On the 100th anniversary of Marcel Proust’s death: The desire to write

When Roland Barthes spoke about Marcel Proust, he often meant himself: the semiotician’s texts bear witness to the hope of a new beginning.

Portrait of Roland Barthes

Roland Barthes in Paris in 1970

The French interpreter of symbols Roland Barthes read Marcel Proust again and again from an early age, but never wrote a book about his idol. And yet there are crucial texts, index cards, lectures and talks by Roland Barthes that make reference to Proust.

It was published two years ago by his French publisher Seuil. Bernd Schwibs and initially also Horst Brühmann translated them convincingly with precise readings of Barthes’ handwritten index cards. They have now appeared just in time for the 100th anniversary of Marcel Proust’s death.

The French subtitle is “Mélanges”. There are actually very different types of text that are served as coffee with icing on the cake. The collection opens with articles and notes for a lecture on Proust given by Barthes in Rabat, which are still influenced by the structuralism of a Roman Jakobson and his comrade-in-arms and then friend Gilles Deleuze. It was still about the signifier, about the sound of words and names.

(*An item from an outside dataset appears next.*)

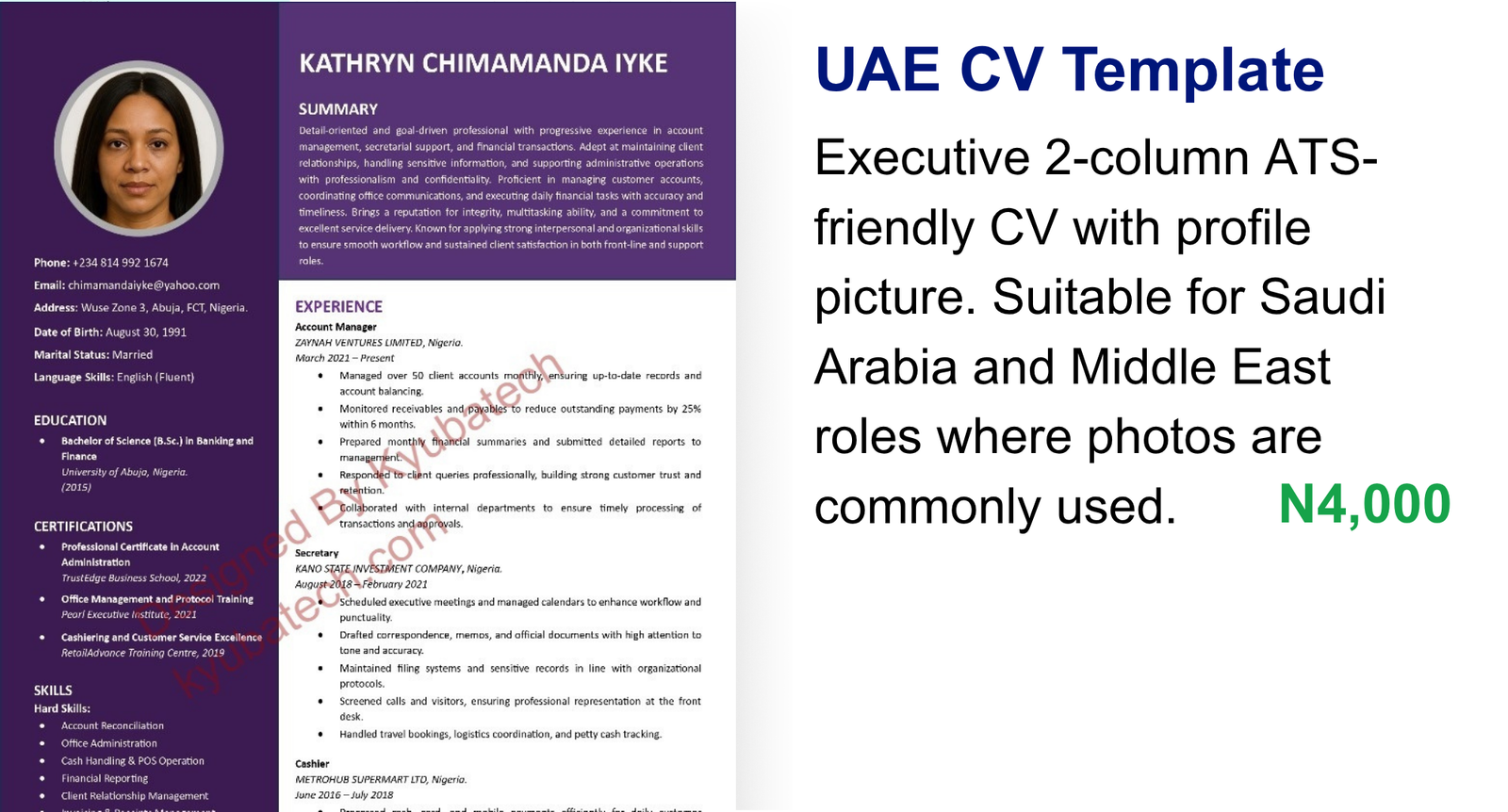 Executive 2-column ATS-friendly CV with profile picture. Ideal for UAE and Middle East job applications where photos are commonly used. After checkout, our team will contact you via WhatsApp to professionally complete your CV.

This is followed by a lengthy conversation that Roland Barthes had with a radio reporter from France Culture in 1978 during a tour of Proust’s Paris.

Proust’s quarters

Barthes knows every corner that Proust inhabits or frequents as a fashionable snob and where he finally completed his work. Almost everything takes place within a kilometer radius, mainly in the 8th arrondissement, the district that the Parisian bourgeoisie built with the help of the “démoliteurs” Haussmann. Proust, who rarely escaped the neighborhood, considered it one of the ugliest in Paris.

Barthes quotes the verdict and adds: “It has to be said that they are extremely unwelcoming houses that strike me as terribly hostile, oppressive, sad, deeply sad; they have a composure, a conformism…”. Astonished that such a “sensual work” could be created there, Barthes also serves as a guide for the listeners of the French cultural channel through Illiers-Combray, where the narrator Marcel had his Madeleine revelation, then through the Bois de Boulogne.

This is all amusing to read, but the icing on the cake is yet to come. A lecture on the spelling of Proust and excerpts from Roland Barthes’ last lectures before his death in 1980, which I was able to follow in Paris at the time, as well as index cards on which Barthes wrote down his ideas about Proust.

However, the German edition lacks the photos of the novel’s models, which Barthes wanted to present in a seminar that he was unable to hold because he died on March 26, 1980 as a result of an accident. The month before, he had been hit by a car while crossing the street in front of the Collège de France.

The death of mothers

At that time she said Analyst and semiotician Julia Kristeva in her seminar that her close friend Barthes let himself die because he could not get over the death of his mother in 1977. Which brings us to the heart of Roland Barthes’ Proust drama.

After the death of his mother, Barthes read more intensively and differently than Proust before him. Carried by the idea that Marcel Proust started a new life after the death of his mother in 1905, gave up his old glamorous life and instead of going to the “salons” began to write at night. First essayistic notes and narrative fragments, which he put under the title “Against Sainte-Beuve”.

But then, from 1909, Proust started his new novel project, his life’s work: “In Search of Lost Time”. Loosely based on Barthes, Proust invented certain catchy names, the first-person form of his narrator Marcel and a few other ingredients. It could already start; “ça prend”, like mayonnaise, it thickens, it takes shape, according to Barthes’ famous comparison.

Barthes identified in a certain way with this narrator, Marcel, driven by the desire to write combined with the loss of his mother. And yet he hoped – after his slide from Proust – for a turning point, for a “new life”, a “new way of writing”.

hope for a new beginning

He summarized all this under the title “The preparation of the novel”, under which he presented his last lectures at the Collège de France. Excerpts from this are presented in this volume together with selected index cards relating to Proust.

The texts about Proust bear witness to Roland Barthes’ hope for a new beginning. The focus is on his rediscovery of an ancient feeling: pathos. A pathos that was decried by literary criticism in its time and to this day. Rather, the verdict of “Without pathos” is regarded as a distinction. The phrase is as cheap as it is worn out.

“A whole morality nowadays despises and condemns the expression of pathos; the novel, as I desire it, is precisely the form that delegates the discourse of affect to characters and thereby allows that affect to be expressed. The pathetic in it can be said.” Roland Barthes could still demand such a novel with pathos, he could no longer write it.

However, one could feel his pathos very well as a listener of his lectures. Readers of his writings can still experience it today. His pathos was not excessive passion, but rather a melancholy, which he conveyed gently with his rough, soothing voice, somehow reminiscent of a cigar, and with his very subjective way of writing, which moved between feuilleton, science and narrative.

He has also transferred them to these recently published “Essays and Notes” on Proust. They truly convey a feeling that gets under your skin.